[CML 032819] 『南京!南京!』(中国映画 監督:陸川/ルー・チューアン 2009年公開)をyoutubeで観る

higashimoto takashi higashimoto.takashi at khaki.plala.or.jp
2014年 7月 26日 (土) 21:54:55 JST


youtubeの日本語字幕版で『南京!南京!』(監督:陸川(ルー・チューアン)、2:14:50、2009年)を観ました。はじめは意図がわか
らず、なかなか観通すのに難儀したのですが、それでもこの映画の映像の美しさは私にもわかるものでした。私は久しぶりに「硬
質のリリシズム」という言葉を思い出しました。特に被「攻略」側(中国側)の情念を内向させた寡黙な男性を演じるリウ・イエの描
き方に私はそれを感じました。そのことがはっきりとわかるようになった頃には作品の意図も見えてきて、私は一層この作品に魅
かれていきました。ラストにすでに遺影となった登場人物の写真がクローズアップされて映し出されるのですが、時間にすればほ
んの数十秒のことでしょうが、私は長いことその遺影を見入っていたような気がします。 

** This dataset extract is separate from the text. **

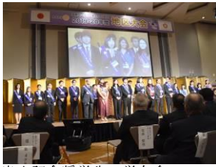
米山記念奨学生・学友会

http://www.youtube.com/watch?v=VWjHyCKaRUg

辺見庸はこの『南京!南京!』について次のように書いています。

      『南京!南京!』。1937年12月から翌年1月までの出来事が、1971年生まれの中国人監督によって、このように映像化
      された。まずそのことに、言いしれないおどろきをおぼえる。歴史、経験、記憶、映像、忘却、視圏、写角……。見ること
      と、見られること。記憶すること、記憶されること。曝すことと、曝されること。死者の山のざわめき。(略)事実とは反事実
      をふくむ、糸のきれて散らばった数珠玉である。事実とはしたがって異同そのものである。陸川監督が資料と証言という
      おびただしい数珠玉を、かれの歴史観、人間観、想像力という糸でつないでみたら、こんな全景になったということだろう。
      (略)

      『南京!南京!』は、中国製というより、陸川監督の手になる南京大虐殺にかんする映像テクストである。日本ではこれ
      に比肩しうる映像テクストがない。みずからの非を飾ることのさもしさもさることながら、日本というクニには、かかわって
      きた戦争と戦争犯罪のテクストがほとんどないこと――それは「学ばない」という習性のあわれをこえた不可思議であり、
      それこそが恐怖のみなもとだ。南京攻略祝賀式典のシーン。うち鳴らされる大太鼓。ドンドコドンドコ。多数の兵士たち
      の、なにやらドジョウすくいのような、異様なダンスと行進。神輿のようなもの。はためく各師団の幟。必見である。思い
      切ってデフォルメされた、このありえそうもないシーンこそ、わたしにはもっともリアルで、卓抜な映像とかんじられた。シ
      ュールである。シュールであったのだ。リーベン(日本)の素振りと律動が、こうみられたのだ。(「日録27」)
      http://yo-hemmi.net/article/402548872.html

上記で辺見が「必見である」と言い、「シュール」と言い、「卓抜な映像」と言う『南京!南京!』のラストシーン(南京「攻略」を祝う
日本軍の祝賀パレードのシーン)について陸川監督はインタビューに答えて次のように言っています。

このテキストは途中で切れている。